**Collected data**
/---

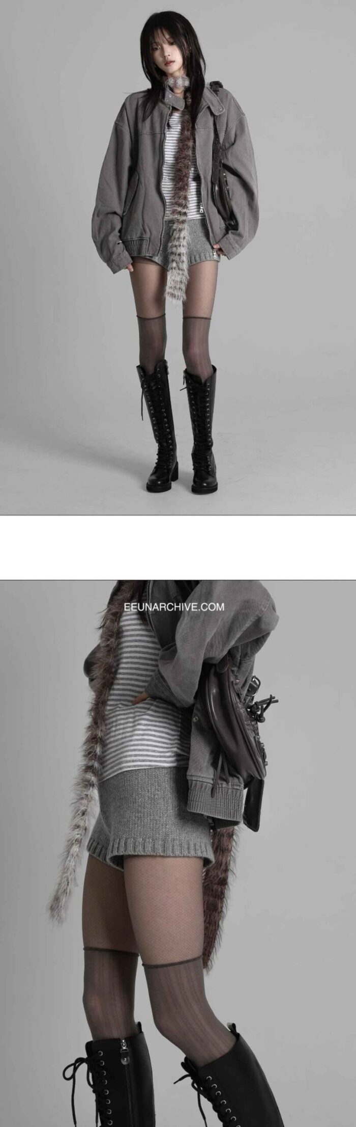 ホットパンツタイプのタイトなニットパンツならY2Kファッションにもぴったり。ヴィンテージ感のあるアウターやカットアウトしたトップスと組み合わせて、2000年代っぽいムードを高めて。ウォッシュドデニムのボンバージャケットにニットパンツを合わせて、クール&モダンなグレートーンのコーデに。シアーなパンストをレイヤードした足もとも小ワザがきいています♪
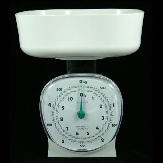 This is a mechanical kitchen scale with a durable structure. It features a big dial with exquisite markers. The bowl is made of food-grade plastic in white.
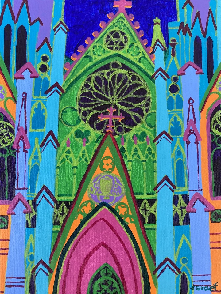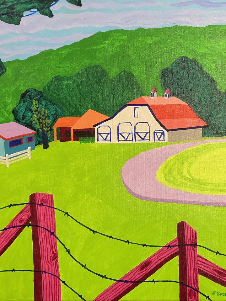 Her works are vibrant acrylic landscape paintings on stretched canvas, lightheartedly expressing her vision of the world.
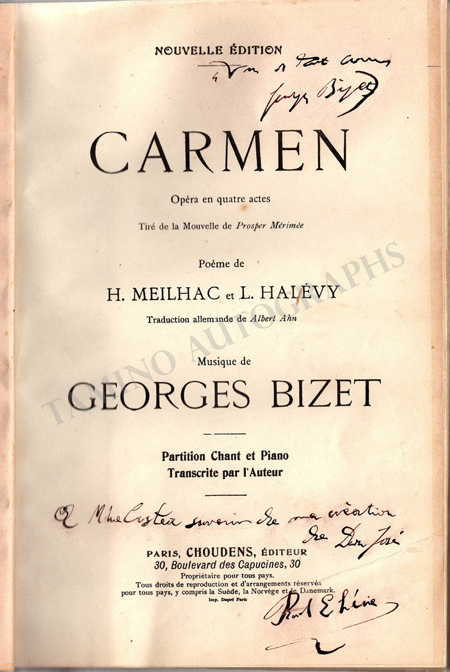 Early-1900s vocal score edition of Bizet's "Carmen" genuinely signed by the French tenor in the 1930s with a short sentiment in French, "In remembrance of my creation of Don Jose". Lhèrie added at the top a fake signature of the composer Georges Bizet and plus a short sentiment.
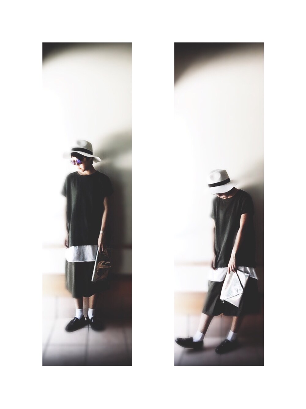 靴は学校のローファー、靴下は中学生のときの白ソックス!✨愛用💜 今流行りの、カーキとホワイトを一対一で!✨ まだ始めたばっかなので、みなさんフォローよろしくお願いします✨(`・ω・´)
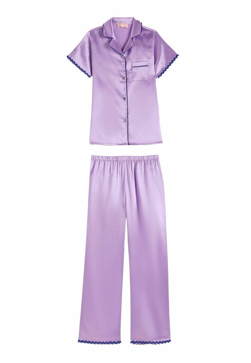 Fialový saténový pyžamový top s krátkym rukávom, zapínaný na gombíky vpredu a s náprsným vreckom, doplnený o zodpovedajúce nohavice s elastickým pásom, oba ohraničené tmavými vlnkovanými lemami.
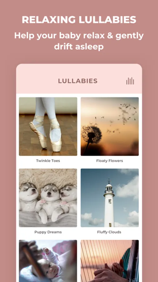 • 6 calming categories (Infants, Newborn, Toddlers, Lullabies, Parents)
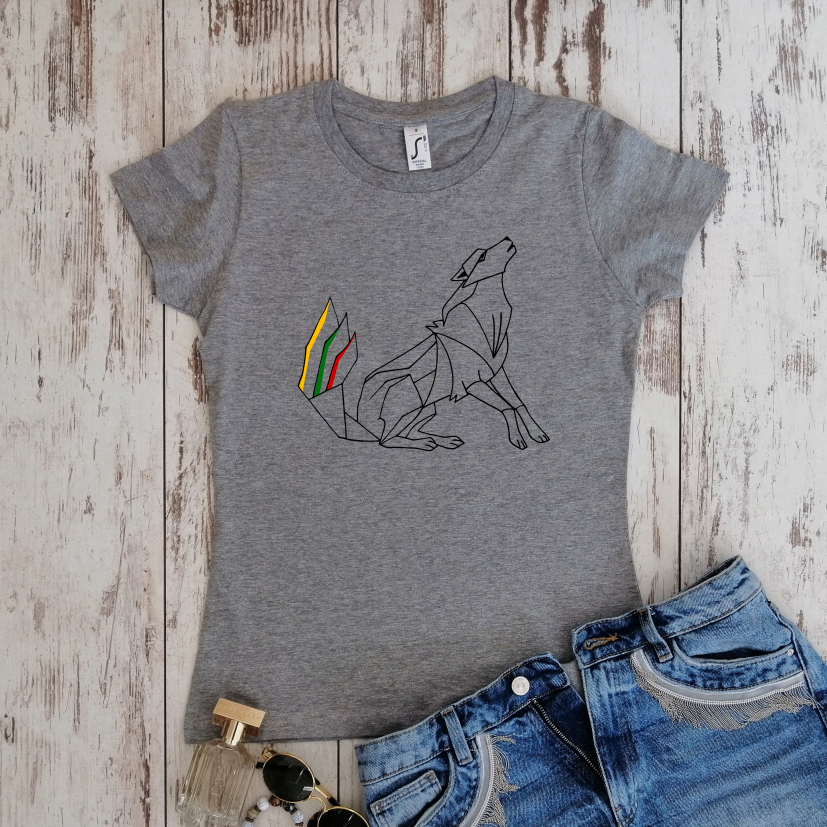 Pilki moteriški marškinėliai "Geležinio vilko kontūrai"

\---

**INSTRUCTIONS FOR THE TASK**
Retype each line of the records exactly as it reads; no pictures belong in the copy.

**YOUR SOLUTION**
 ホットパンツタイプのタイトなニットパンツならY2Kファッションにもぴったり。ヴィンテージ感のあるアウターやカットアウトしたトップスと組み合わせて、2000年代っぽいムードを高めて。ウォッシュドデニムのボンバージャケットにニットパンツを合わせて、クール&モダンなグレートーンのコーデに。シアーなパンストをレイヤードした足もとも小ワザがきいています♪
 This is a mechanical kitchen scale with a durable structure. It features a big dial with exquisite markers. The bowl is made of food-grade plastic in white.
 Her works are vibrant acrylic landscape paintings on stretched canvas, lightheartedly expressing her vision of the world.
 Early-1900s vocal score edition of Bizet's "Carmen" genuinely signed by the French tenor in the 1930s with a short sentiment in French, "In remembrance of my creation of Don Jose". Lhèrie added at the top a fake signature of the composer Georges Bizet and plus a short sentiment.
 靴は学校のローファー、靴下は中学生のときの白ソックス!✨愛用💜 今流行りの、カーキとホワイトを一対一で!✨ まだ始めたばっかなので、みなさんフォローよろしくお願いします✨(`・ω・´)
 Fialový saténový pyžamový top s krátkym rukávom, zapínaný na gombíky vpredu a s náprsným vreckom, doplnený o zodpovedajúce nohavice s elastickým pásom, oba ohraničené tmavými vlnkovanými lemami.
 • 6 calming categories (Infants, Newborn, Toddlers, Lullabies, Parents)
 Pilki moteriški marškinėliai "Geležinio vilko kontūrai"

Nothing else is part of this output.